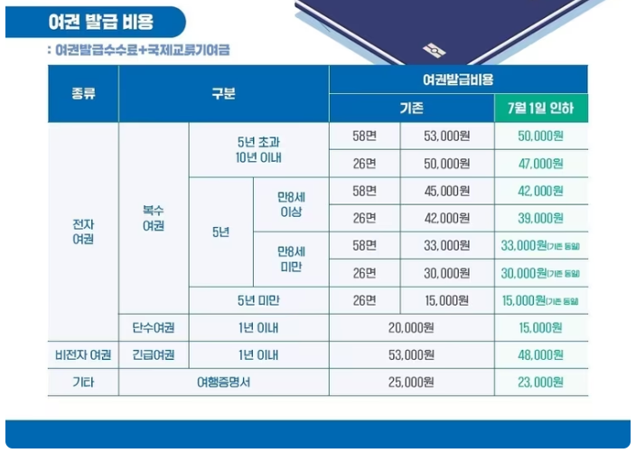 2024년 7월 1일부터 여권발급 비용이 3,000원 저렴해졌고, 정부에서 운영하는 앱이 아닌 민간 앱을 통해서도 온라인으로 여권 재발급 신청이 가능해 집니다.
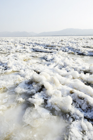 1月5日,在宁夏石嘴山黄河段,河面出现封冻。
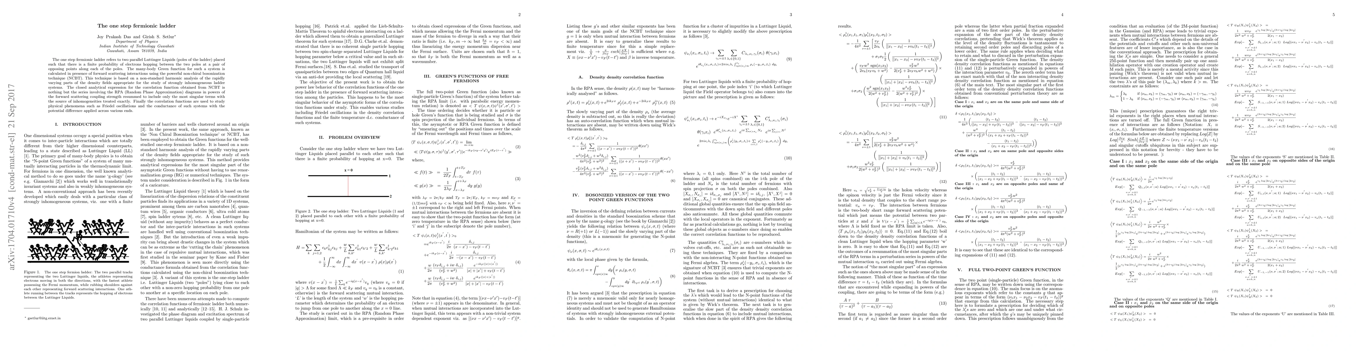 The one step fermionic ladder refers to two parallel Luttinger Liquids (poles of the ladder) placed such that there is a finite probability of electrons hopping between the two poles at a pair of opposing points along each of the poles. The many-body Green function for such a system is calculated in presence of forward scattering interactions using the powerful non-chiral bosonization technique (NCBT). This technique is based on a non-standard harmonic analysis of the rapidly varying parts of the density fields appropriate for the study of strongly inhomogeneous ladder systems. The closed analytical expression for the correlation function obtained from NCBT is nothing but the series involving the RPA (Random Phase Approximation) diagrams in powers of the forward scattering coupling strength resummed to include only the most singular terms with the source of inhomogeneities treated exactly. Finally the correlation functions are used to study physical phenomena such as Friedel oscillations and the conductance of such systems with the potential difference applied across various ends.

-*-

• **Assignment**: Set down the complete material exactly, but do not include the images.

• **Your solution**:
 2024년 7월 1일부터 여권발급 비용이 3,000원 저렴해졌고, 정부에서 운영하는 앱이 아닌 민간 앱을 통해서도 온라인으로 여권 재발급 신청이 가능해 집니다.
 1月5日,在宁夏石嘴山黄河段,河面出现封冻。
 The one step fermionic ladder refers to two parallel Luttinger Liquids (poles of the ladder) placed such that there is a finite probability of electrons hopping between the two poles at a pair of opposing points along each of the poles. The many-body Green function for such a system is calculated in presence of forward scattering interactions using the powerful non-chiral bosonization technique (NCBT). This technique is based on a non-standard harmonic analysis of the rapidly varying parts of the density fields appropriate for the study of strongly inhomogeneous ladder systems. The closed analytical expression for the correlation function obtained from NCBT is nothing but the series involving the RPA (Random Phase Approximation) diagrams in powers of the forward scattering coupling strength resummed to include only the most singular terms with the source of inhomogeneities treated exactly. Finally the correlation functions are used to study physical phenomena such as Friedel oscillations and the conductance of such systems with the potential difference applied across various ends.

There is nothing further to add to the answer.